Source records
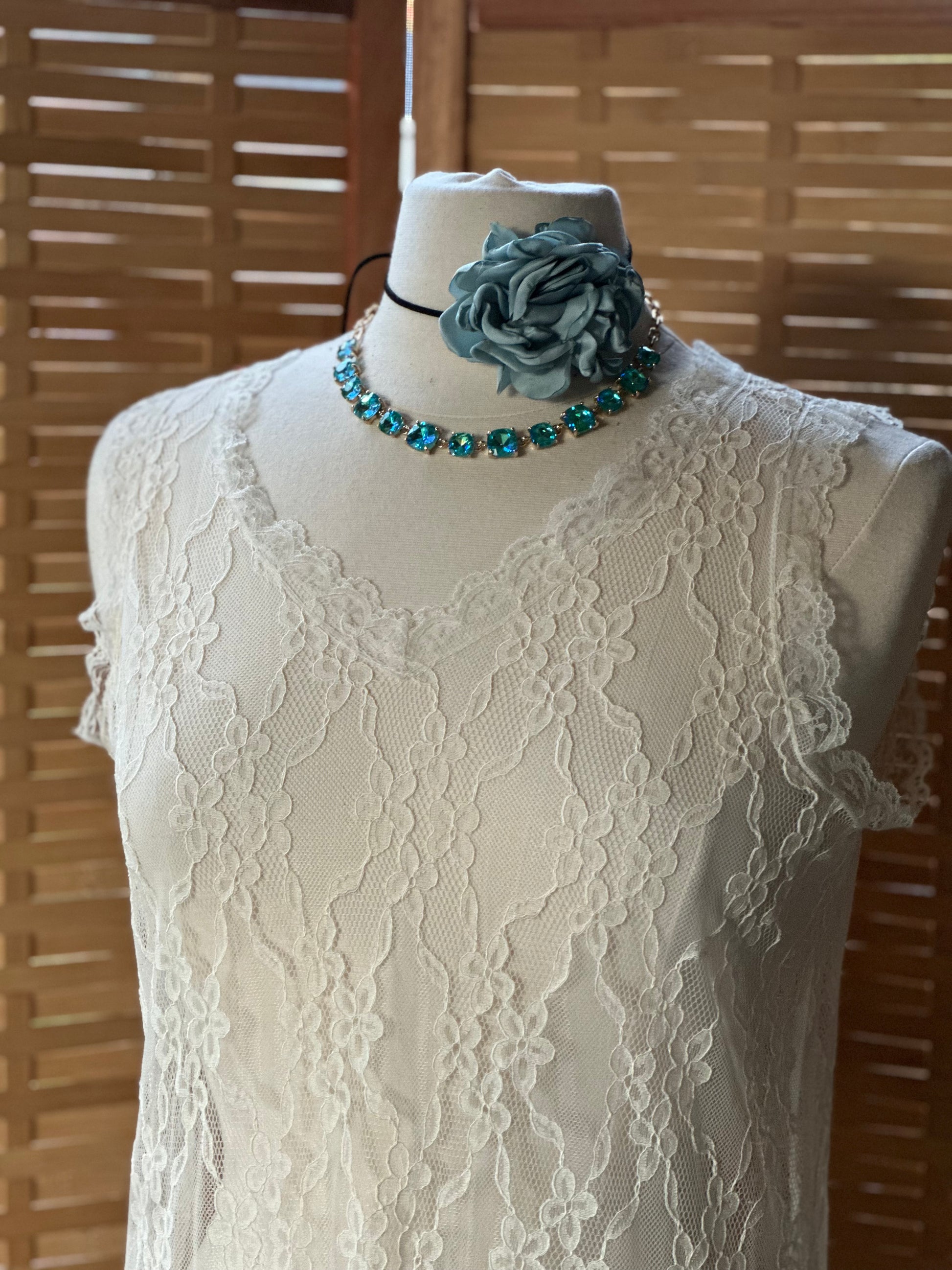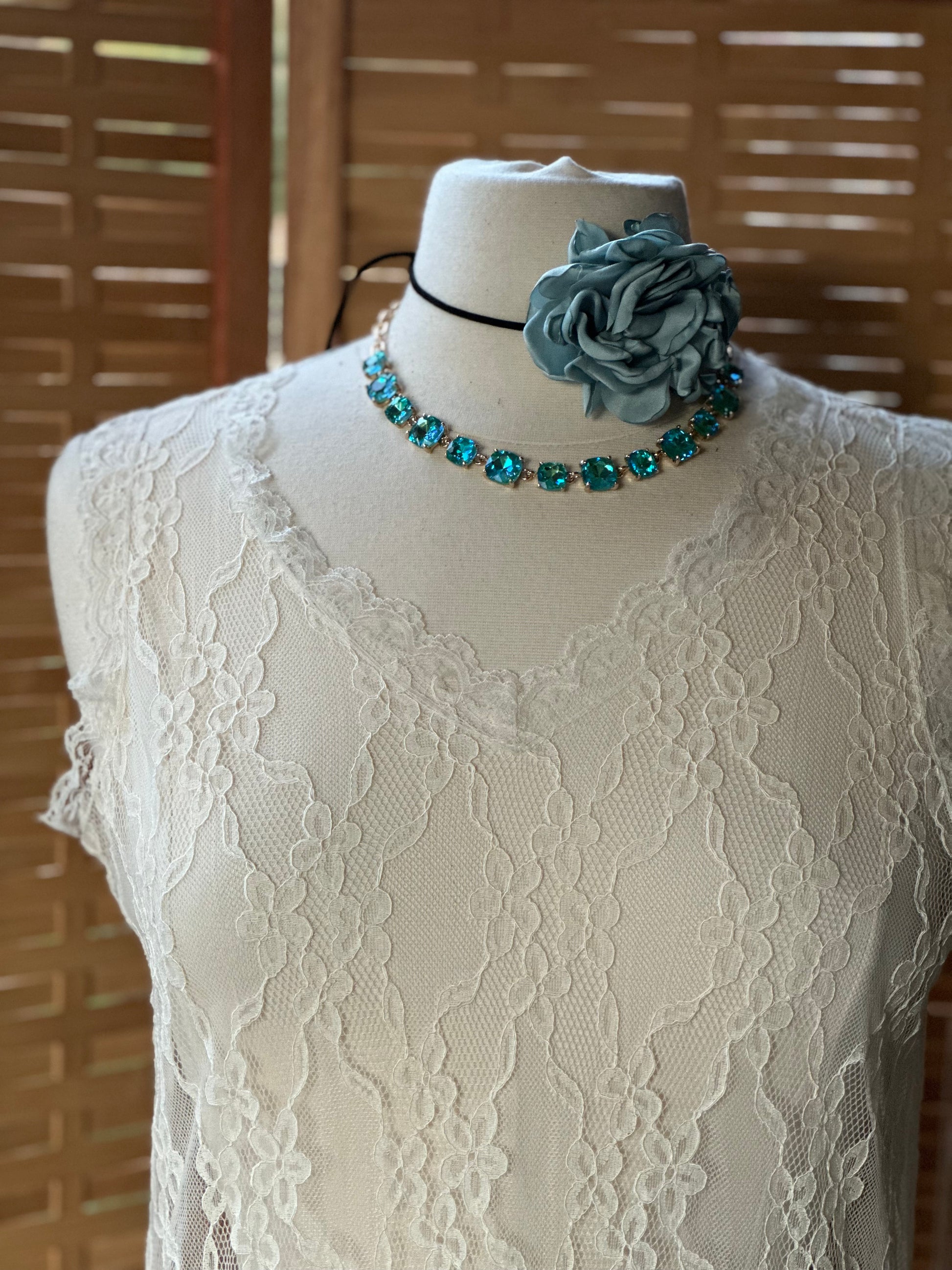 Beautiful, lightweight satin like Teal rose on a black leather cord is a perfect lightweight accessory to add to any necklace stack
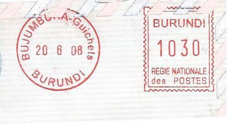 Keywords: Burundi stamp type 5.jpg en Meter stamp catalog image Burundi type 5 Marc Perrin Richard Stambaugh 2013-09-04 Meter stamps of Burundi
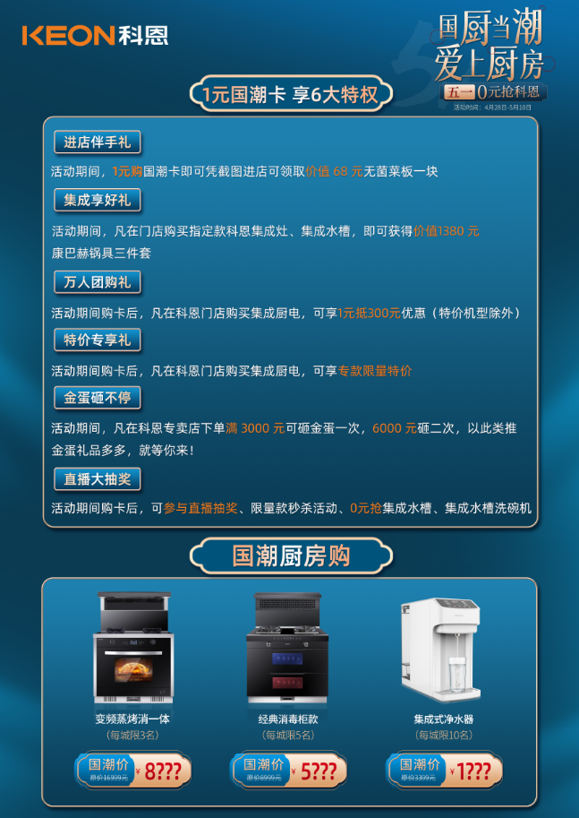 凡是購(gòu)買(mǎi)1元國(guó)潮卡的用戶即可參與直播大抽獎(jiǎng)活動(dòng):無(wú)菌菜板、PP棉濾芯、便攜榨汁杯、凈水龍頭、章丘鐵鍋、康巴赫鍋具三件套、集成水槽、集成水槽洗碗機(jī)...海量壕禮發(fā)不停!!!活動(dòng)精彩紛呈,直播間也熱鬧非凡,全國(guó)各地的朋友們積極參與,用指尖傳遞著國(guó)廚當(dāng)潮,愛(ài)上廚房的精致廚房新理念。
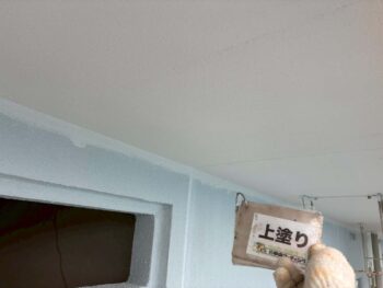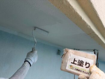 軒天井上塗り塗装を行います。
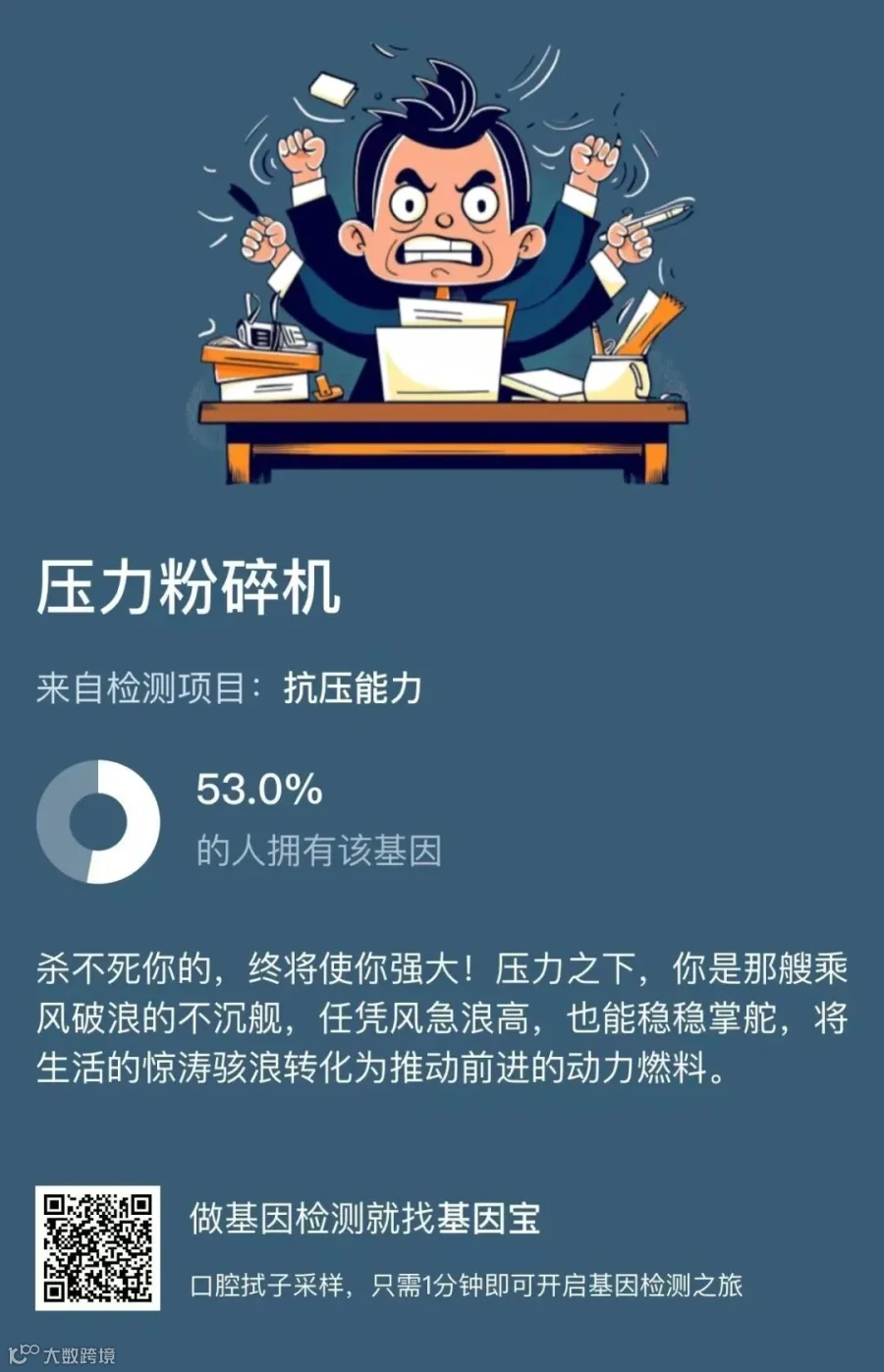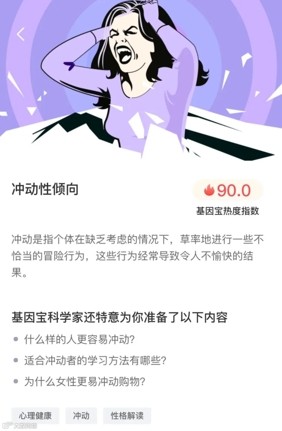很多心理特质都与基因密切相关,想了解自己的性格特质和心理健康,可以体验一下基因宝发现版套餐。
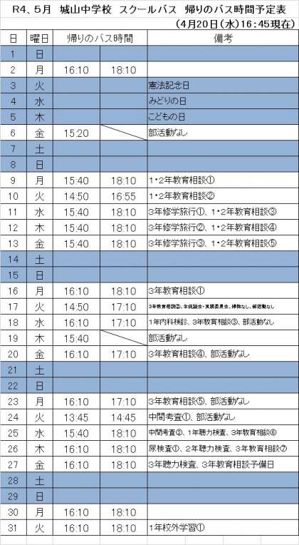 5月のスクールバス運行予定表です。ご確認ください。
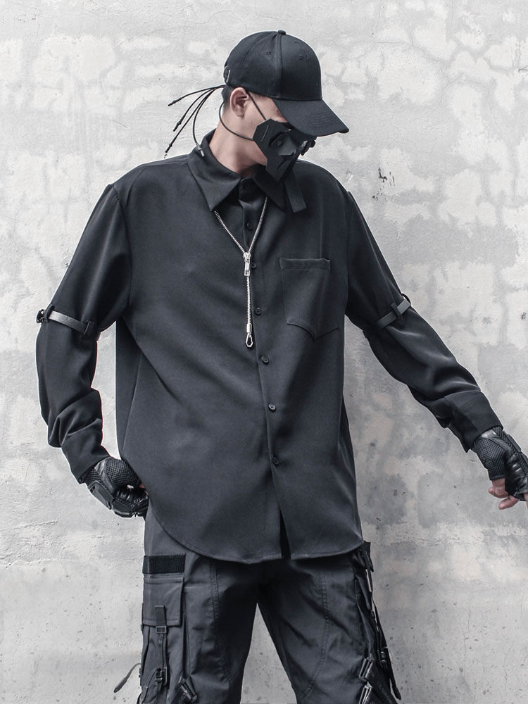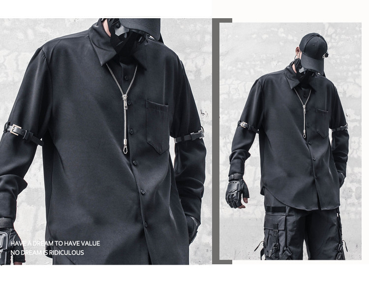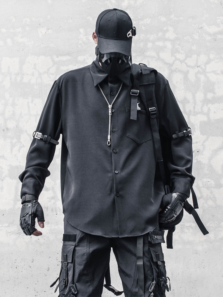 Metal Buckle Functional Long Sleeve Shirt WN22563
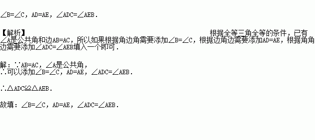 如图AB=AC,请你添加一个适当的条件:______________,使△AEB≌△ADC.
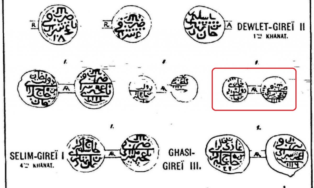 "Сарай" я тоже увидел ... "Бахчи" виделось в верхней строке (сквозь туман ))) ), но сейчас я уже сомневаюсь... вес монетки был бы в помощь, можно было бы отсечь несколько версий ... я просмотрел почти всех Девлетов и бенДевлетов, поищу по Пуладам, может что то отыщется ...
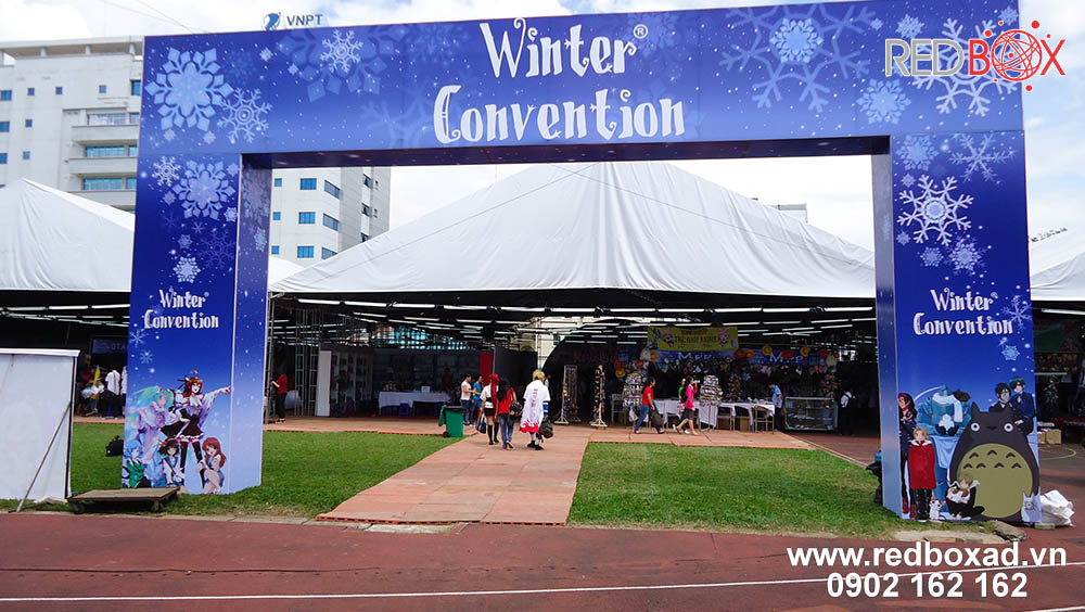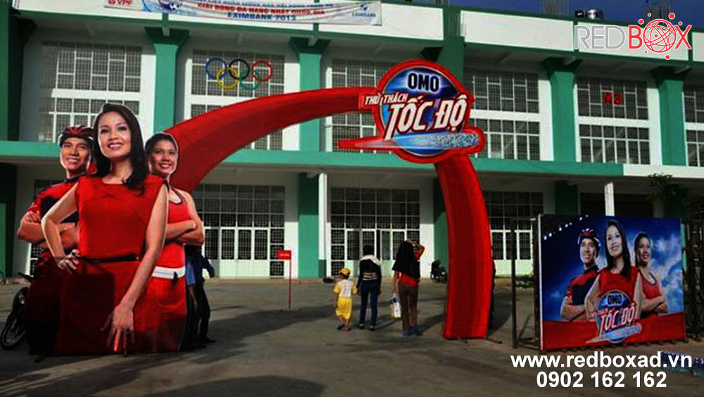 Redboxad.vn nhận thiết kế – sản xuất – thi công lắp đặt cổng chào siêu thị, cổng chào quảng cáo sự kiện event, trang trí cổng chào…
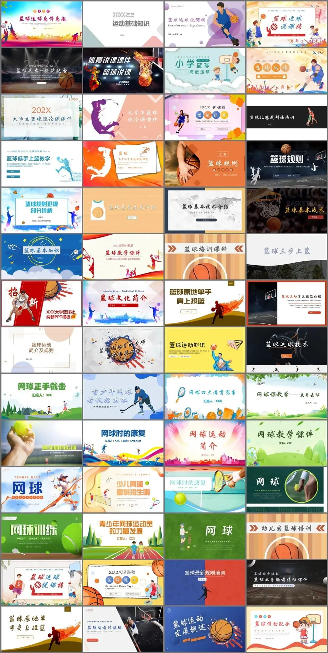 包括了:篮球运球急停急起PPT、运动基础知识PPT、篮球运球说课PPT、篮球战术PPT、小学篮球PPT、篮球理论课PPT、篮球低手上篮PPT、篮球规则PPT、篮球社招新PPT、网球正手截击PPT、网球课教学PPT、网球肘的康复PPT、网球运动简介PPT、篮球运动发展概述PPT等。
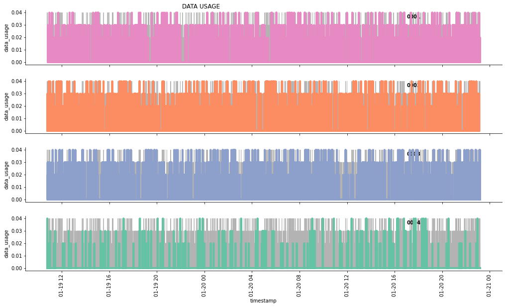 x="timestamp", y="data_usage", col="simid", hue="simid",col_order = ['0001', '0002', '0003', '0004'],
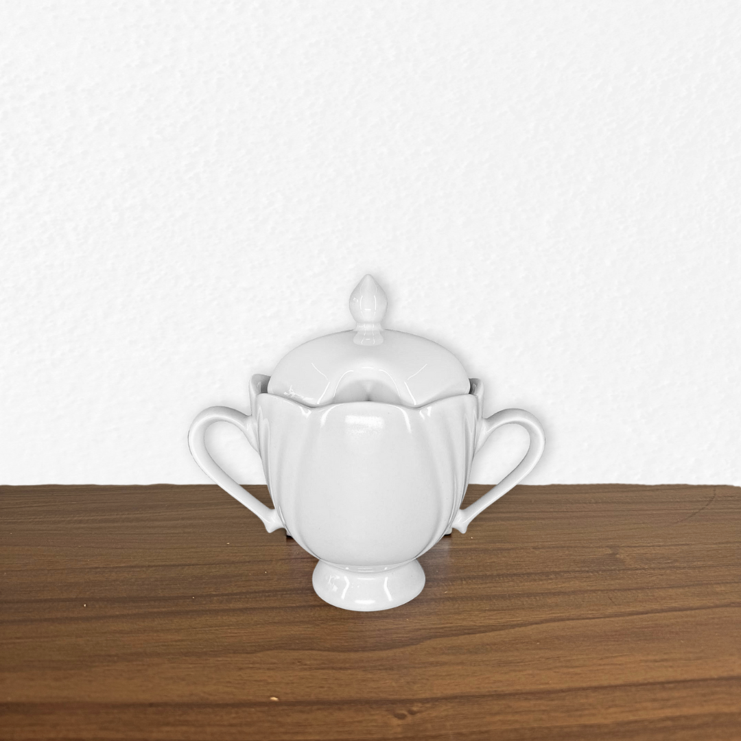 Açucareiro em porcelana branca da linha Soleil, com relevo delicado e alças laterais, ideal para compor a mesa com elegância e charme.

ASSIGNMENT
Although the records above contain pictures, the copy should not; retype exactly the lines from the one containing "軒天井上塗り塗装を行います。" through the one containing "Redboxad.vn nhận thiết".

YOUR RESPONSE
 軒天井上塗り塗装を行います。
很多心理特质都与基因密切相关,想了解自己的性格特质和心理健康,可以体验一下基因宝发现版套餐。
 5月のスクールバス運行予定表です。ご確認ください。
 Metal Buckle Functional Long Sleeve Shirt WN22563
 如图AB=AC,请你添加一个适当的条件:______________,使△AEB≌△ADC.
 "Сарай" я тоже увидел ... "Бахчи" виделось в верхней строке (сквозь туман ))) ), но сейчас я уже сомневаюсь... вес монетки был бы в помощь, можно было бы отсечь несколько версий ... я просмотрел почти всех Девлетов и бенДевлетов, поищу по Пуладам, может что то отыщется ...
 Redboxad.vn nhận thiết kế – sản xuất – thi công lắp đặt cổng chào siêu thị, cổng chào quảng cáo sự kiện event, trang trí cổng chào…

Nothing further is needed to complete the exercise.